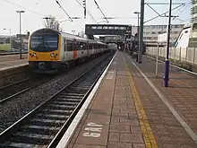 The station has five platforms, four being through platforms and one being a terminus bay platform. Platforms 1 and 2 are only used during certain engineering works and during disruption on the relief lines; 3 and 4 are for services (which are stopping services) to and from London, Heathrow Airport, Reading and Oxfordshire; platform 5 is a bay terminus platform, which was used for half-hourly shuttle services to Paddington. Platform 5 is capable of holding an eight-car train; platforms 2, 3 and 4 can hold nine-car trains and platform 1 can hold five-car trains. Platforms 3 and 4 have been extended as part of Crossrail improvement works. All platforms are connected with a footbridge to the new station building as part of the new Crossrail station improvements, which include step-free access to all platforms, step-free access to Station Road and Station Approach/High Point Village.[8] All lines at Hayes & Harlington are electrified.[9]
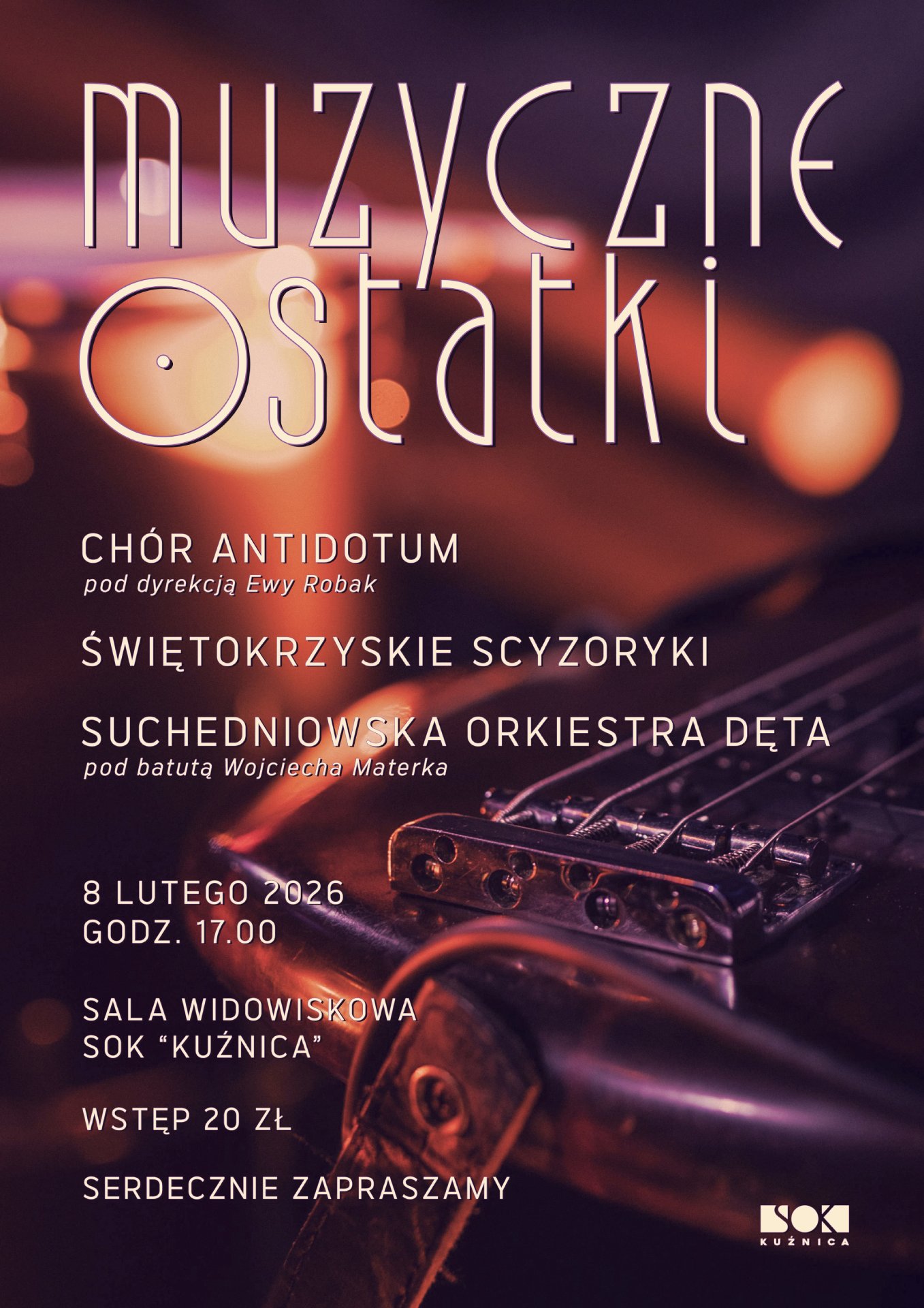 Suchedniowski Ośrodek Kultury "Kuźnica" w Suchedniowie serdecznie zaprasza na "Muzyczne Ostatki", które odbędą się w dniu 8 lutego 2026 r. o godz. 17:00 w sali widowiskowej.
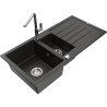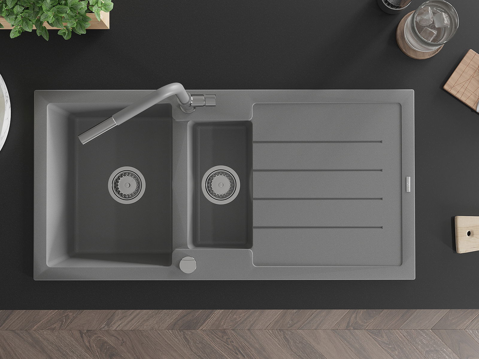 Mexen Andres chiuvetă de granit cu 1,5 cuve, cu scurgător și baterie de bucătărie Flora, gri - 6515-71-670401-06
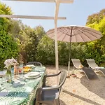 La villa L'Auguière Ouest, maisonnette au cœur du vignoble proche de la mer et des sentiers côtiers offre una vista sul giardino che gli ospiti possono godersi. La villa dispone di un bagno con una doccia. Sono inoltre disponibili asciugacapelli.
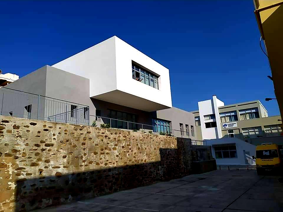Το Γυμνάσιό στεγάζεται σε ένα σύγχρονο και πλήρως εξοπλισμένο κτίριο, που βρίσκεται σ’ ένα θαυμάσιο περιβάλλον 12 στρεμμάτων. Στις εγκαταστάσεις του λειτουργούν Παιδικός Σταθμός, Νηπιαγωγείο , Δημοτικό, Λύκειο, Κέντρο Ξένων Γλωσσών, Κέντρο Συμβουλευτικής και θερινό σχολείο. Παράλληλα με αυτά λειτουργούν δύο γήπεδα βόλεϊ, ένα γήπεδο μπάσκετ, ένα γήπεδο ποδοσφαίρου, ένας κλειστός χώρος άσκησης με τραπέζια πινγκ-πονγκ, στεγασμένη παιδική χαρά και πάρκο κυκλοφοριακής αγωγής για τα μικρότερα παιδιά.
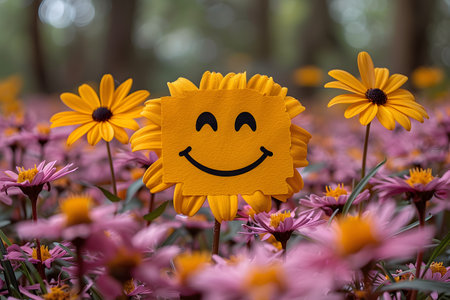 A vibrant field of pink and yellow daisies in full bloom, highlighted by a cheerful smiley face flower at the center. the serene background features soft green trees creating an uplifting and joyful atmosphere perfect for print, posters, or greeting cards. Generative AI
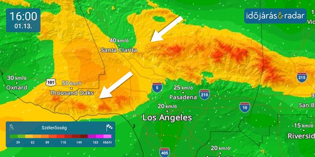 A 70 és 110 km/óra közötti széllökések és száraz levegő együttesen okozzák a veszélyes időjárási körülményeket. A SzélRadar szerint a Santa Ana széllökések északkelet felől érkeznek, a legerősebb lökések pedig a hegyekben fordulnak elő.
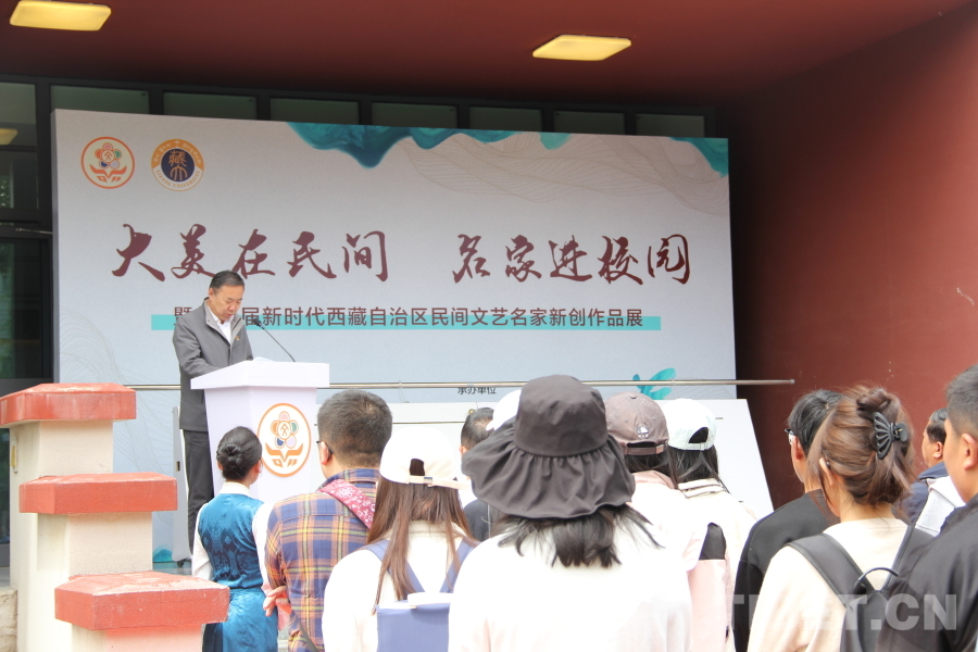 6月20日,“大美在民間——名家進校園暨第三屆新時代西藏自治區(qū)民間文藝名家新創(chuàng)作品展”開展。圖為西藏大學黨委常委、副校長王斌禮致辭 攝影:趙釗
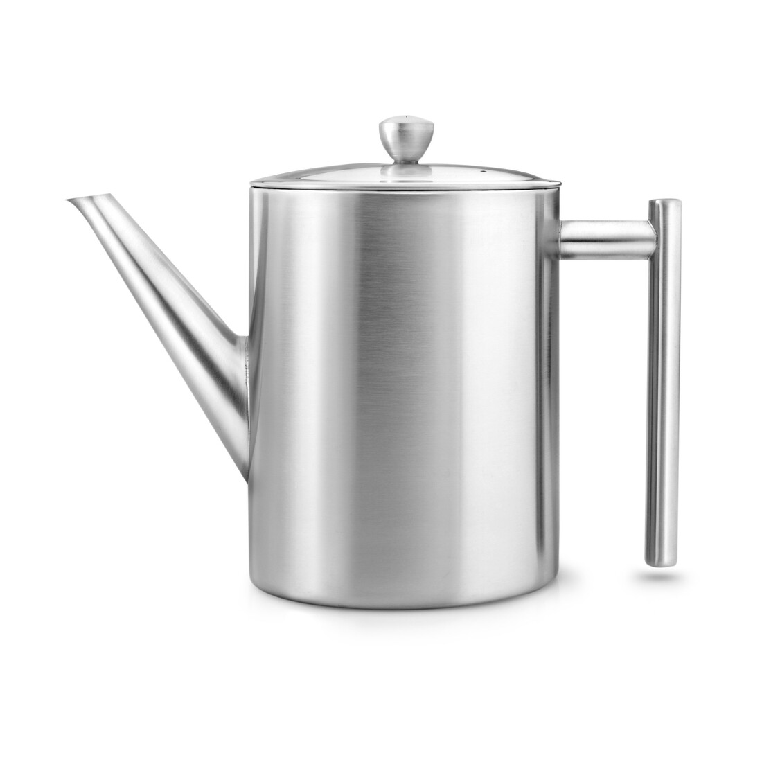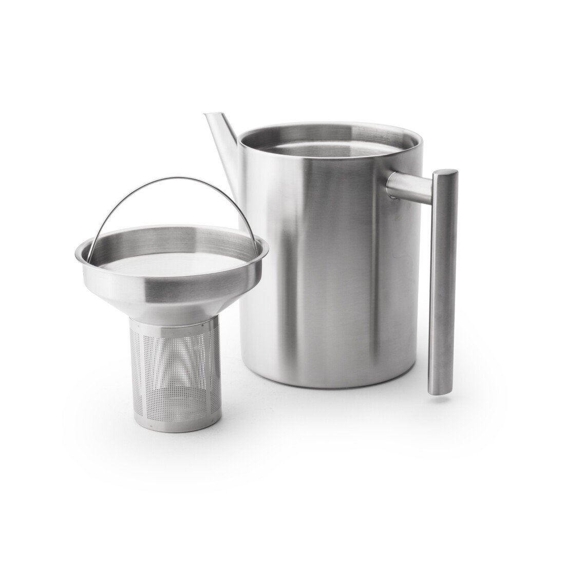 Dubbelwandige theepot gematteerd metaal. De isolerende werking zorgt voor een ideaal temperatuurverloop. Inclusief het losse theefilter waardoor de theepot ook bijzonder geschikt is voor losse thee.
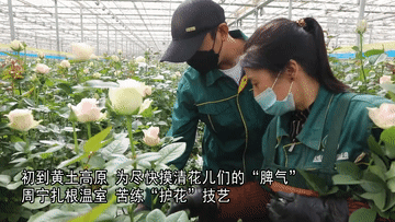 西北黄土高原气候干燥、昼夜温差大,为了让“娇气”的玫瑰能够在西北黄土高原上落地生根,周宁和同事们一起从头学起,通过逐步摸索和一次次尝试,将荒凉的黄土地变成了万亩花田。
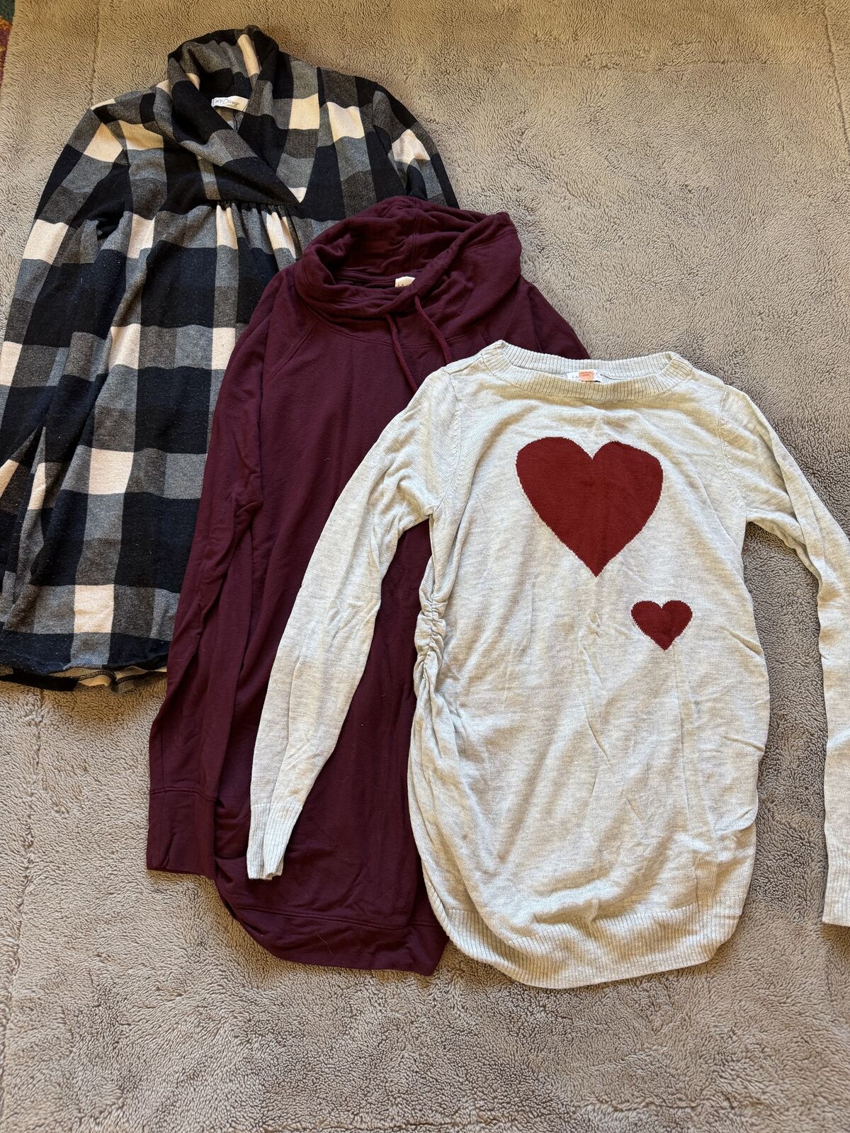 3 sweaters, including an adorable heart sweater perfect for Valentine's Day!
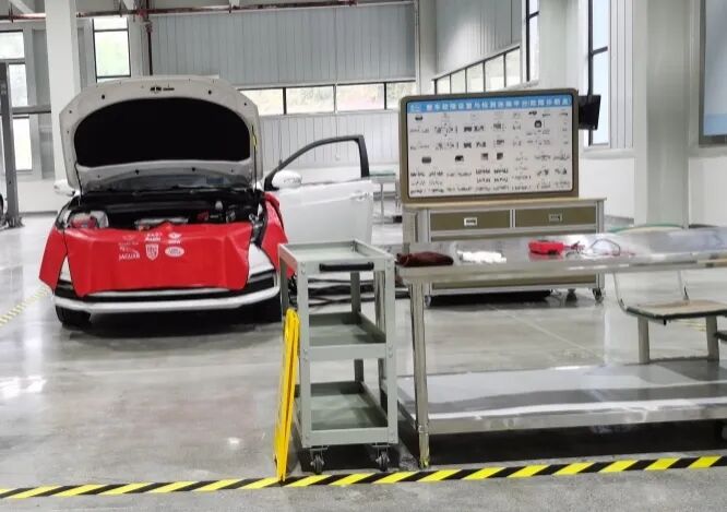 汽车技术实训中心始建于2019年,占地面积超2500平方米,涵盖“整车调试返修实训区”“新能源汽车动力电池实训区”“新能源汽车电驱系统实训区”“智能网联汽车测试装调实训区”等12个实训区“单片机实训室”等2个实训室,拥有比亚迪秦EV汽车(2022年、2023年全国职业院校技能大赛平台)、吉利EV系列汽车、比亚迪秦DM-i汽车、智能小车(2022年四川工匠杯职业技能大赛平台)等实训车辆和智能汽车传感器测试装调平台、动力电池实训平台等先进汽车实训设备,总价值超500万元。实训中心集理实一体化教学、科研、技艺传承、技能竞赛和社会服务于一体,承接各专业理论教学、实践教学、研究所科研、大师工作室技艺传承、技能大赛训练、企业员工培训和院校师资培训等工作。
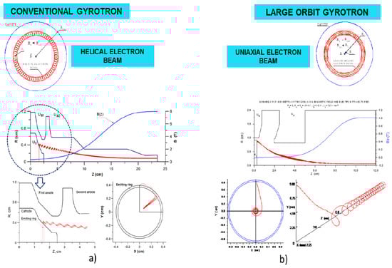 - Gol’denberg, G.A.L.; Petelin, M. The formation of helical electron beams in an adiabatic gun. Radiophys. Quantum Electron. 1973, 16, 106. [Google Scholar] [CrossRef]
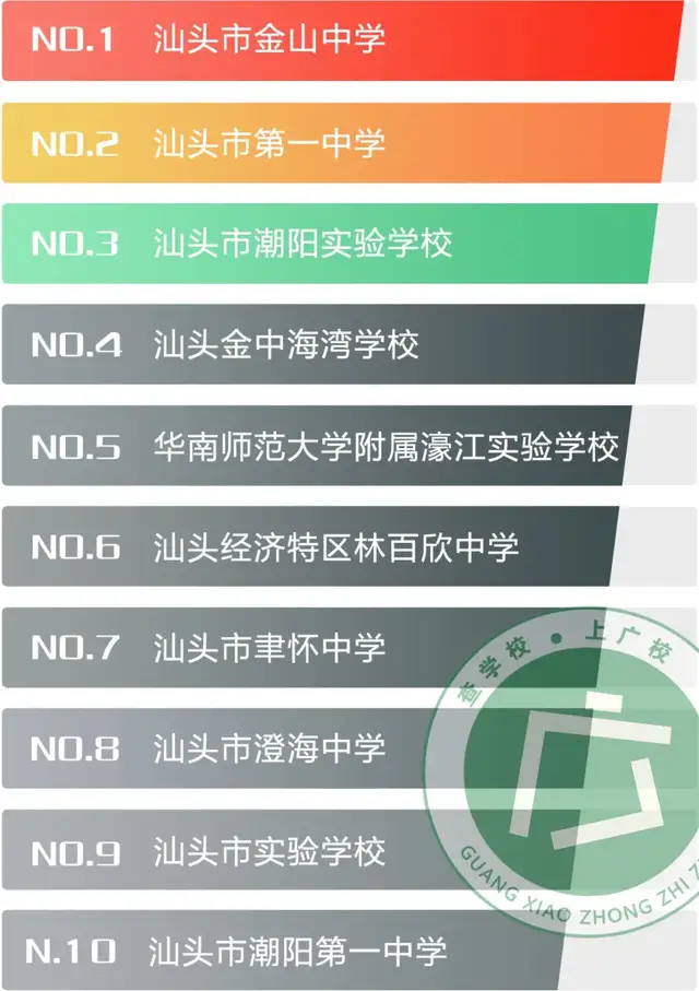 这是汕头市综合实力排名前十的高中学校,排名条件根据以下四点:
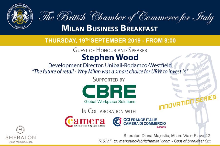 Giovedì 19 settembre 2019 dalle 8.00 alle 10.00, presso lo Sheraton Diana Majestic, Milano
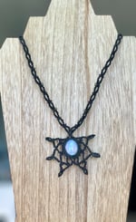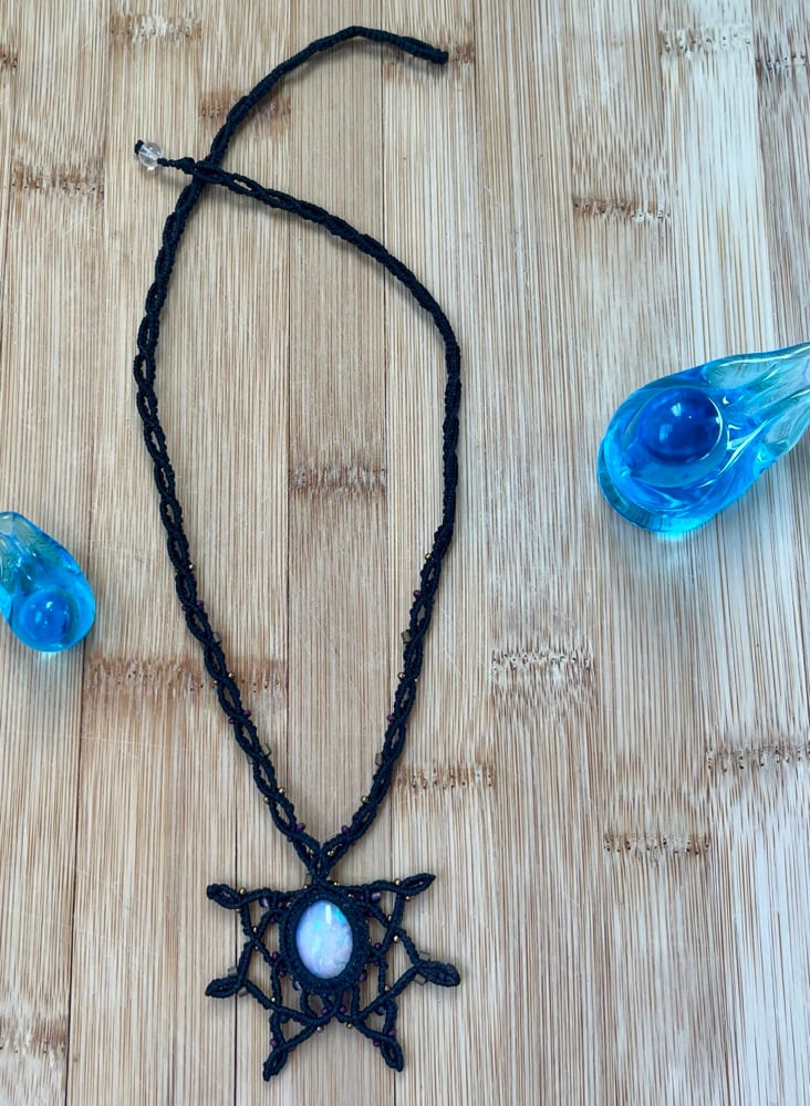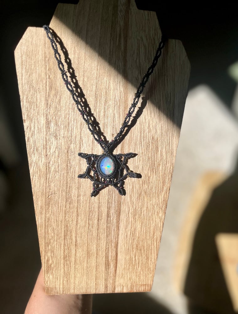 Gorgeous opal cabochon star-shaped macrame pendant necklace

· · · · · · ·

## EXERCISE OBJECTIVE
Copy the line showing "Giovedì 19 settembre" exactly, along with each line after it through the end of the material above. Pictures stay out.

## RESPONSE
 Giovedì 19 settembre 2019 dalle 8.00 alle 10.00, presso lo Sheraton Diana Majestic, Milano
 Gorgeous opal cabochon star-shaped macrame pendant necklace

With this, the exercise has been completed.